“用不了这么多……”

    陶守义却再度把钱袋推给了他。

    “封包还是要给的,就当是图个吉利吧。”

    徐耕耘闻言,便不再拒绝,立刻对着陶守义和银柳儿一阵道谢。

    待其离开后,陶守义让人收拾了周围的痕迹后,便要送银柳儿回村。

    银柳儿却道:“刚才王桂的话已经说的那么明确了,此事断定是与四海茶楼脱不了干系的,你还是先去准备你的吧。”

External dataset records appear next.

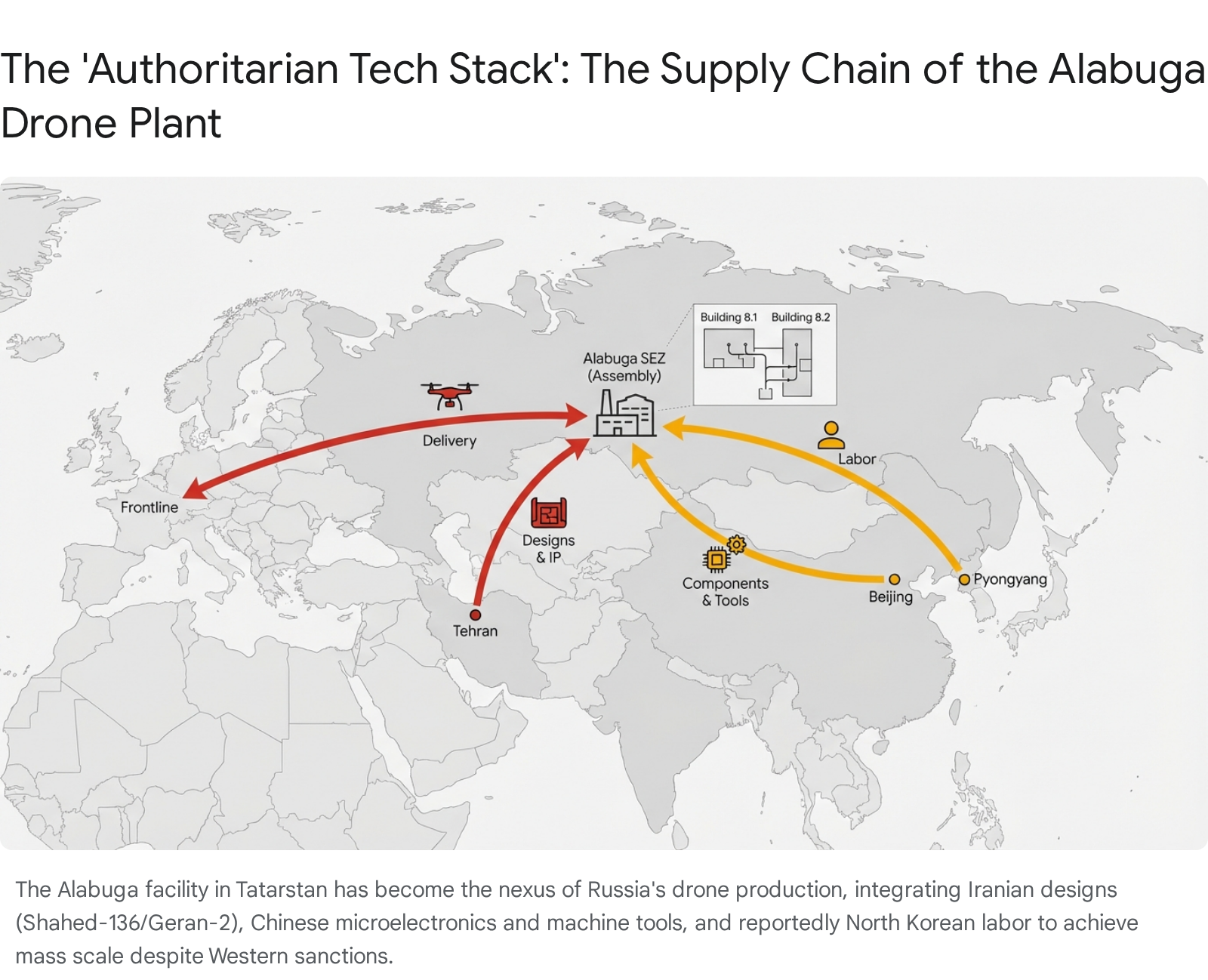 This facility is a symbol of a new “Authoritarian Tech Stack,” where Russia integrates technologies and labor from its few remaining allies.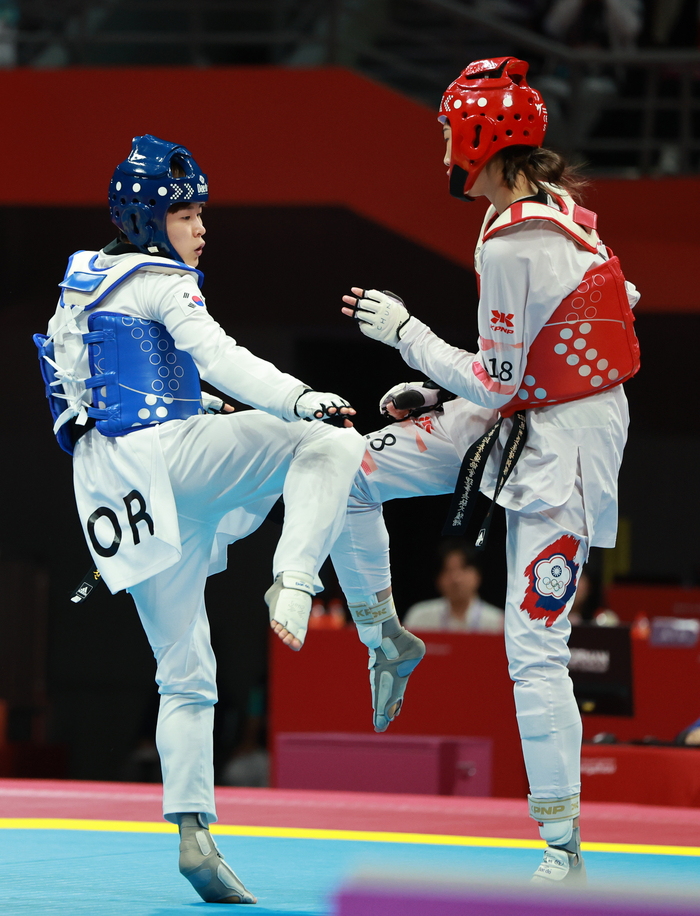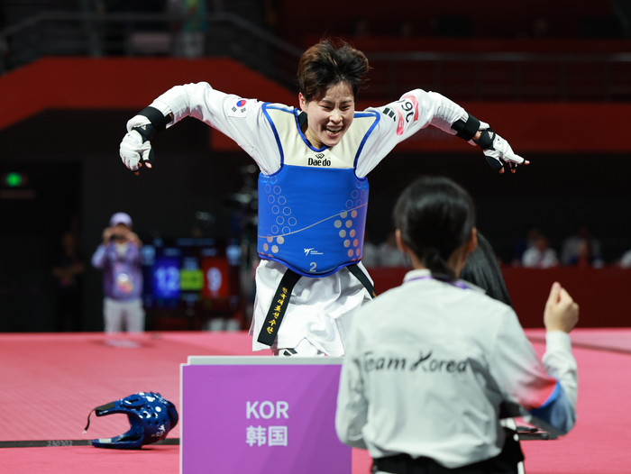 [스포츠서울 | 항저우=김동영기자] 여자 태권도 대표팀 박혜진(26·고양시청)이 53㎏급에서 금메달을 따냈다. 국제대회에서 약한 모습을 보였던 박혜진이지만, 항저우에서는 달랐다. 첫 번째 금메달이다.
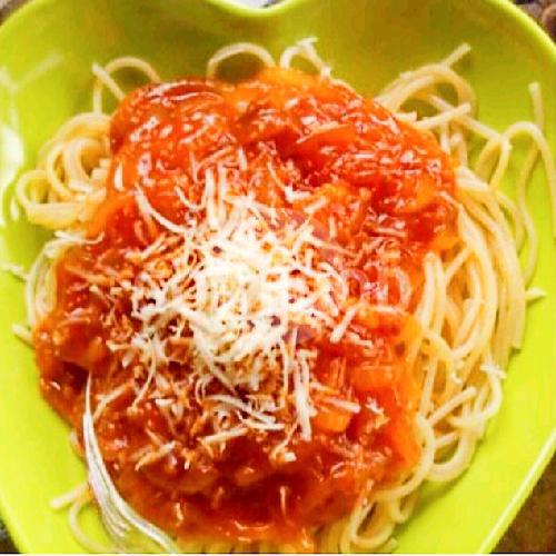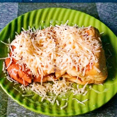 Terdiri dari ( saus tomat, daging, bawang bombay + keju)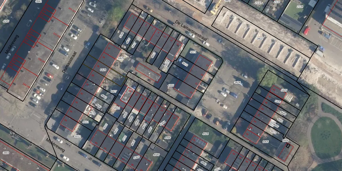 Gebruik de zoekbalk of klik op een perceel om informatie over het perceel te bekijken.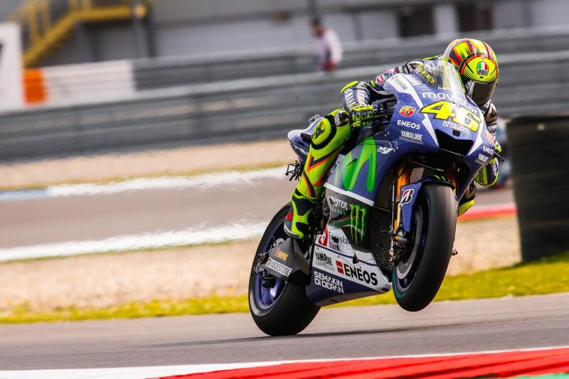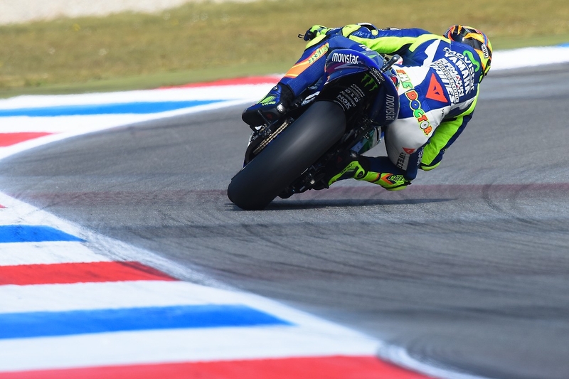 Dietro alle due Honda, ecco la Yamaha di Valentino Rossi, che aveva chiuso al comando le FP1. Tre considerazioni sulle libere di Rossi: 1) in entrambi i turni è stato davanti al compagno di squadra; 2) è stato velocissimo fin dai primi giri; 3) è quello più costante nel passo. Insomma, tre buone notizie per il campione italiano, galvanizzato da una messa a punto di base decisamente migliore che nei GP precedenti e da un nuovo telaio, promosso anche da Jorge Lorenzo. Entrambi i piloti sono partiti – come previsto - nelle FP1 con una moto con il telaio utilizzato fino a Barcellona e con una con quello evoluzione, portato al debutto, con successo, nei test di settimana scorsa ad Aragon. Nelle FP2, Lorenzo ha utilizzato entrambe le moto con l’ultima versione della ciclistica, mentre Rossi ha mantenuto al box una M1 con il telaio “vecchio”, usando però soltanto l’altra moto. La scelta, quindi, è ormai fatta: il nuovo telaio dovrebbe migliorare l’entrata in curva e facilitare il lavoro delle gomme. I risultati per il momento sono confortanti e Rossi è stato molto efficace sulla distanza, specie con le gomme nuove medie montate nel finale, dopo aver provato a lungo anche quella più dura posteriore.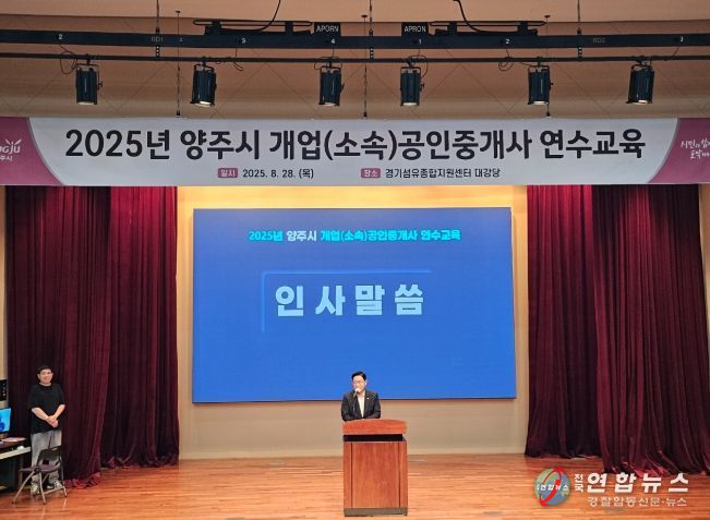 전국연합뉴스 박점규 기자 | 양주시는 지난 28일 경기섬유종합지원센터 대강당에서 관내 개업·소속 공인중개사 180여 명을 대상으로 ‘2025년 공인중개사 연수교육’을 실시했다.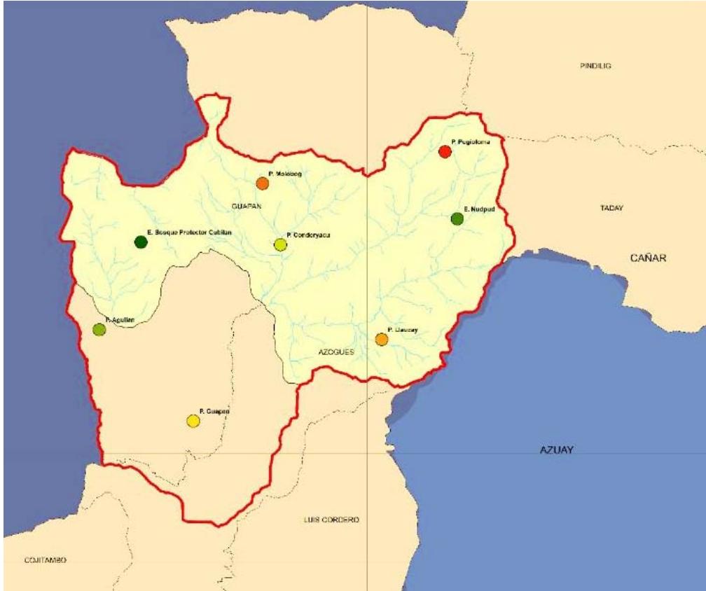 For the Tabacay micro-basin the main tributaries are the Llaucay, Nudpud, Condoryacu, Rosario, Mapayacu and Rubis streams. The micro-basin has an area of 6650 hectares (66.5 km2) and administratively belongs to the Azogues county and is divided into 2 parishes: Guapán and Bayas.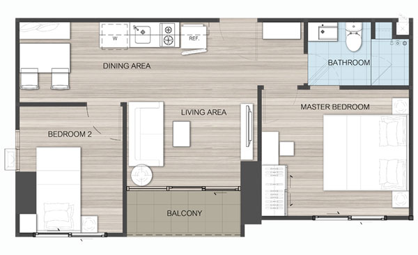 - ห้องแบบ 2 ห้องนอน 1 ห้องน้ำ Type D ขนาด 44.00 ตร.ม. เริ่มต้น 3.8 ล้าน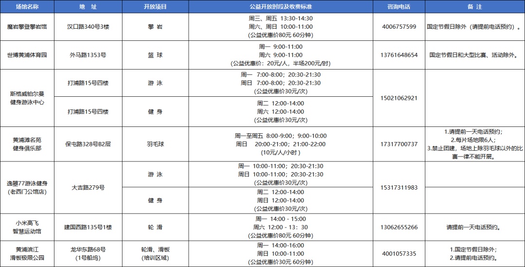 3.因各场馆功能与服务对象不同,部分健身场所开放时间可能会有调整,以场所现场公示为准;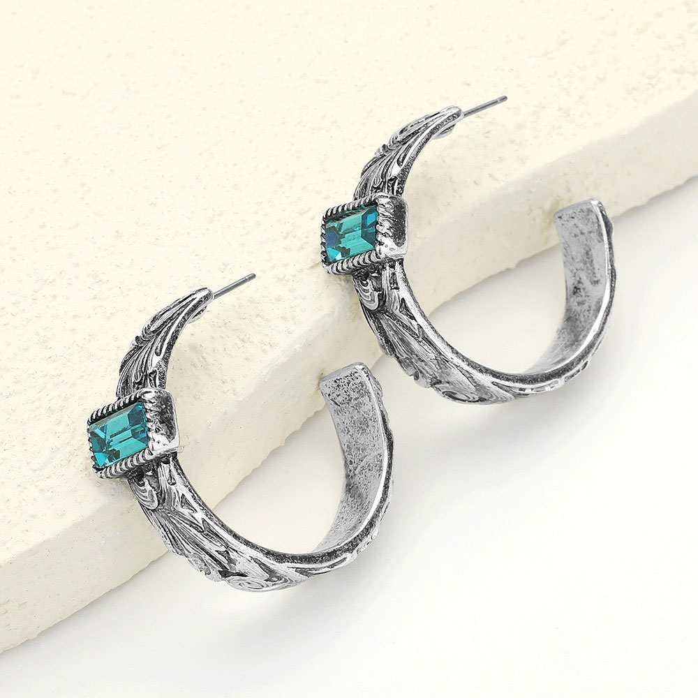 Rectangle Stone Pointed Antique Metal Western Hoop Earrings

    “我要动手了这你都知道?”陶守义表情略夸张:“真是知我者莫过于柳儿也!”

    银柳儿只睇了他一眼。

    “那是因为某人的脑仁有限,一眼就可穿透。”

    陶守义:“……”

    你杠就是你对呗。

    他最终还是坚持把银柳儿送到了村口才离开。

    银柳儿正欲回村,却见一人从暗中走了出来。

    浓妆艳抹到大晚上都不卸妆的,赫然正是潘媒婆。

    潘媒婆看了看陶守义离开的方向,眸底快速地上过了一抹什么。

    银柳儿将她的微表情尽收眼底,却视若罔闻,继续要离开。

    ——毕竟本来也没啥交情。

    潘媒婆却快速上前几步,拦下了她。

    “银老板,等等……”

    银柳儿面无表情:“这么晚了,有事?”

    若是换做面对其他人,遇到眼下这情况,少不得要打探打趣一番的,但是对面的可是银柳儿,想到她竟然能抓到自己一直深藏多年的把柄,她便顿时敛了心思。

    刚才所看到的一幕更是连提都不敢提起的。

    “实不相瞒,我今晚前来找你,的确是有事,否则也不至于一直在村口等你到现在了。

    昨晚我哥因为老眼昏花,做了对不起你们的事,我代他向你们道歉。”

    说着,她倒是实打实地对着银柳儿鞠了一躬。

    “但是,他现在也遭到报应了啊!我听说,你好像是对他说了什么,导致昨晚自从他回家后,就一直躺在床上,滴水不进,问啥也不理会的,活脱脱的像是被勾走了魂。

    而且,一夜之间,他现在头发全白了。银老板,你能不能告诉我,你到底对他说了什么,就算是我求你了,我就这么一位哥哥,一位亲人了啊!”

    银柳儿看着满眼乞求之色的她,眸底快速地闪过了一抹什么。

    片刻后,她道:“我告诉你也没用,你要是想救他,倒是可以让我去试试,毕竟,解铃还须系铃人。只是,我有个条件。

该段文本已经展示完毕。